- What to do -
A faithful copy of each record is required, minus the images.

Records from a dataset:
▼

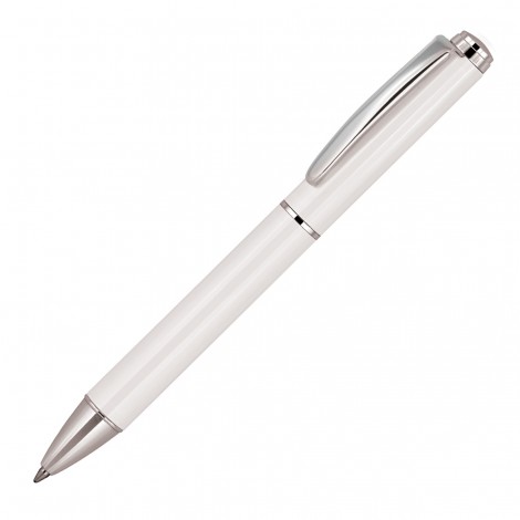 Elegantly presented in white with chrome trim, the Magellan Metal Ballpoint Pen has plenty of room on the cap for your logo to be printed or laser engraved (chrome finish). A twist action, retractable black ballpoint pen with soft black ink, flows smoothly from the Swiss refill made in Switzerland – 5,900m.
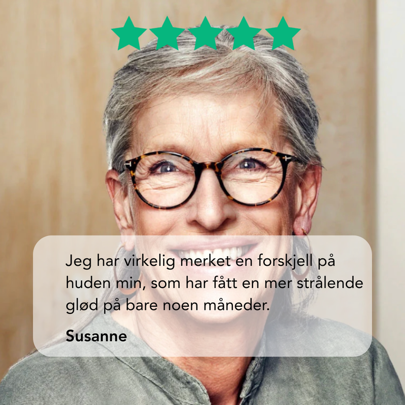 De fleste ser synlige resultater etter 8–12 uker med daglig inntak. Vitenskapelige studier viser at rynkedybden reduseres og hudens fuktighet øker markant! På nettsiden vår kan du lese mer om en rekke studier og resultater – og se hva kundene våre sier om sine opplevelser.
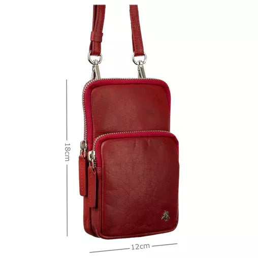 Moteriška odinė rankinė Visconti S-5, raudona, su reguliuojamu dirželiu ir dviem išorinėmis kišenėmis R544
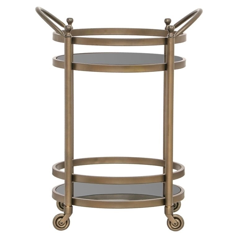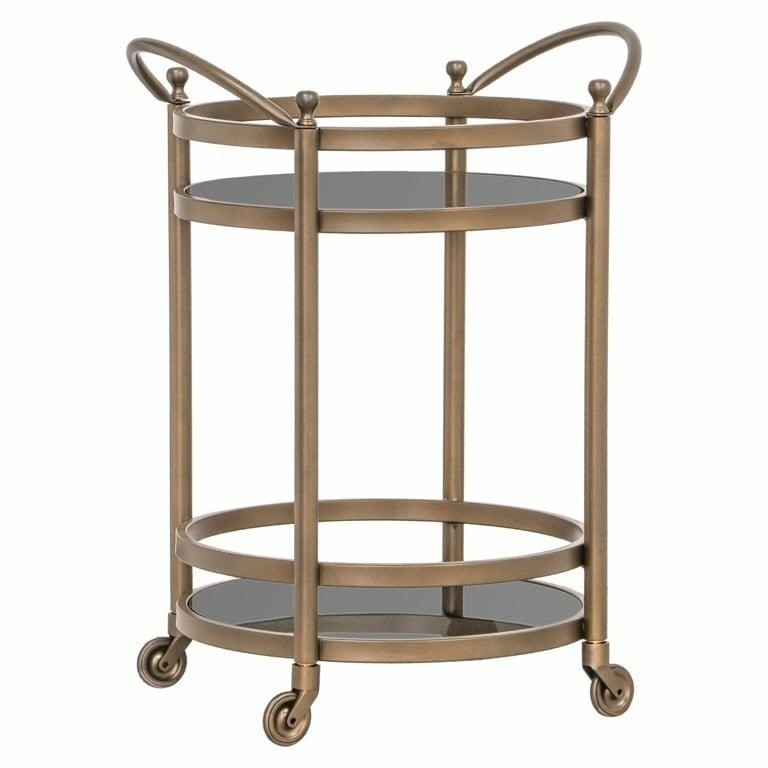 Barek Hendricks to elegancki mebel na kółkach, który łączy w sobie nowoczesny design i praktyczność. Wykonany z aluminium, metalu oraz szkła, zachwyca matową mosiężną podstawą i ciemnoszklanym blatem, który dodaje mu wyjątkowego charakteru. Dzięki dwóm wbudowanym półkom, barek staje się funkcjonalnym elementem wystroju, idealnym do przechowywania napojów, dekoracji czy czasopism. Wersja w złocie dostępna jako alternatywa, doskonale wpisuje się w najnowsze trendy wnętrz.
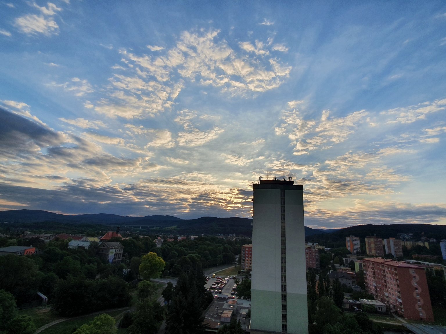 Je skoro jasno a bezvětří. Min teplota 10,3 st max teplota 26,1 st.
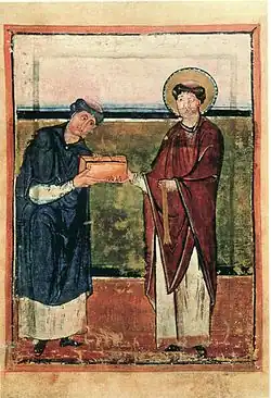 The Solothurn Central Library houses the so-called Hornbach Sacramentary, a codex of the 10th century, made by the Hornbach scribe monk Eburnant on behalf of his abbot Adalbert (approx. 970 to 990).[4] Another precious manuscript preserved in Hornbach during the Middle Ages is the Codex Laudianus, a bilingual codex from around 600, which contains the Acts of the Apostles in Greek and Latin. It probably came to the continent with the British missionaries in the 8th century and came into the possession of William Laud ("Laudian Acts", today Oxford, Bodleian Library, Msc. Laud. Gr. 35) at the time of the Thirty Years' War.[5][6]

▲

- Response to the exercise -
 Elegantly presented in white with chrome trim, the Magellan Metal Ballpoint Pen has plenty of room on the cap for your logo to be printed or laser engraved (chrome finish). A twist action, retractable black ballpoint pen with soft black ink, flows smoothly from the Swiss refill made in Switzerland – 5,900m.
 De fleste ser synlige resultater etter 8–12 uker med daglig inntak. Vitenskapelige studier viser at rynkedybden reduseres og hudens fuktighet øker markant! På nettsiden vår kan du lese mer om en rekke studier og resultater – og se hva kundene våre sier om sine opplevelser.
 Moteriška odinė rankinė Visconti S-5, raudona, su reguliuojamu dirželiu ir dviem išorinėmis kišenėmis R544
 Barek Hendricks to elegancki mebel na kółkach, który łączy w sobie nowoczesny design i praktyczność. Wykonany z aluminium, metalu oraz szkła, zachwyca matową mosiężną podstawą i ciemnoszklanym blatem, który dodaje mu wyjątkowego charakteru. Dzięki dwóm wbudowanym półkom, barek staje się funkcjonalnym elementem wystroju, idealnym do przechowywania napojów, dekoracji czy czasopism. Wersja w złocie dostępna jako alternatywa, doskonale wpisuje się w najnowsze trendy wnętrz.
 Je skoro jasno a bezvětří. Min teplota 10,3 st max teplota 26,1 st.
 The Solothurn Central Library houses the so-called Hornbach Sacramentary, a codex of the 10th century, made by the Hornbach scribe monk Eburnant on behalf of his abbot Adalbert (approx. 970 to 990).[4] Another precious manuscript preserved in Hornbach during the Middle Ages is the Codex Laudianus, a bilingual codex from around 600, which contains the Acts of the Apostles in Greek and Latin. It probably came to the continent with the British missionaries in the 8th century and came into the possession of William Laud ("Laudian Acts", today Oxford, Bodleian Library, Msc. Laud. Gr. 35) at the time of the Thirty Years' War.[5][6]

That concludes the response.